Грешнову не дали договорить. Сначала в голос, совершенно развязно, по-молодецки рассмеялся Павел Терентьевич, затем – Лев Львович и даже Пётр Виленович за компанию хохотнул.

– Как? Не слышали? Это старая история, – пытался Вася утихомирить смеющихся.

– Чем закончилось? Инфарктом? – поинтересовался хозяин гаража, вытирая обильные слёзы.

– Все убежали, пришлось мужику в могиле ночевать. Утром доярки шли на ферму коров доить, – достали.

– Не ты ли там сидел? – не унимался Огоньков.

– Да нет же. Это старый анекдот, – подтвердил Истуканов, чувствуя, что теряет поддержку товарищей и развенчанный было негодяй Грешнов снова приобретает в их глазах благосклонность.

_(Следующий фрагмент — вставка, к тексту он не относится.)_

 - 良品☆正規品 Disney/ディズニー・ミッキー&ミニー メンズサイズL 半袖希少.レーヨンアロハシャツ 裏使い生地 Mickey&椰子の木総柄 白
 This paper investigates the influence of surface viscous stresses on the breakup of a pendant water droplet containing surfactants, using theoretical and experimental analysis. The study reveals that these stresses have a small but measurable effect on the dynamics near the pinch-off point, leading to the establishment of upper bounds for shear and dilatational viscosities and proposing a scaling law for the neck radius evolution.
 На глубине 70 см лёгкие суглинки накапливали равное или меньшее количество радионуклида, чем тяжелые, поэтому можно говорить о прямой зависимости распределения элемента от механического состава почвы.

– Я тоже не слышал, – признался Ласкин.

– А я слышал сто раз, – продолжал Василий, – и в сто первый с удовольствием бы послушал, но не в тот день. – Рассказываю дальше. На смену старухе сел старик «некрофил». Не шучу. он сам так отрекомендовался и объяснил. «Я», – говорит, – «любитель и знаток кладбищ». Пока его вёз, он меня изустно познакомил со всеми московскими погостами, с каждым захоронением на них.

– Так уж и с каждым, – усомнился Лев Львович.

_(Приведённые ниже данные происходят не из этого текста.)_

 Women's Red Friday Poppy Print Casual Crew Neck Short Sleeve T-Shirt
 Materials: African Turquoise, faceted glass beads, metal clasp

– Сказал, какая знаменитость где покоится. Высадил «некрофила», сели ребята с Мосфильма. Ну, думаю, отдохну. Так и эти отличились. Принялись хвастаться. Открыли кожаную сумку, а в ней – резиновая голова. От настоящей не отличишь. И два пятилитровых пакета с заменителем крови. Сказали адрес, там у них съёмка, вези их на квартиру. Я им спокойно, без эмоций: «Дорогие мои, я устал. Выходите». Не поняли. «Шеф, два счётчика платим». Я возопил, как сорвавшийся в пропасть и полез под сиденье за монтировкой.

– Да, денёк у тебя выдался, – стал заворачивать рассказчика Терентьевич.

– Ещё не всё, – разошёлся Грешнов. – Прихожу домой, Олеся Наталье страшилку рассказывает про гроб на колёсиках. Вот тут я и психанул. Побежал, сел в машину, хотел уехать. Но выпил перед этим и в первый же столб. И дома, оказывается, что-то сломал и разбил. Когда вышел из запоя, жена обвинила в рукоприкладстве. Вот как я бросил такси. Теперь – всё.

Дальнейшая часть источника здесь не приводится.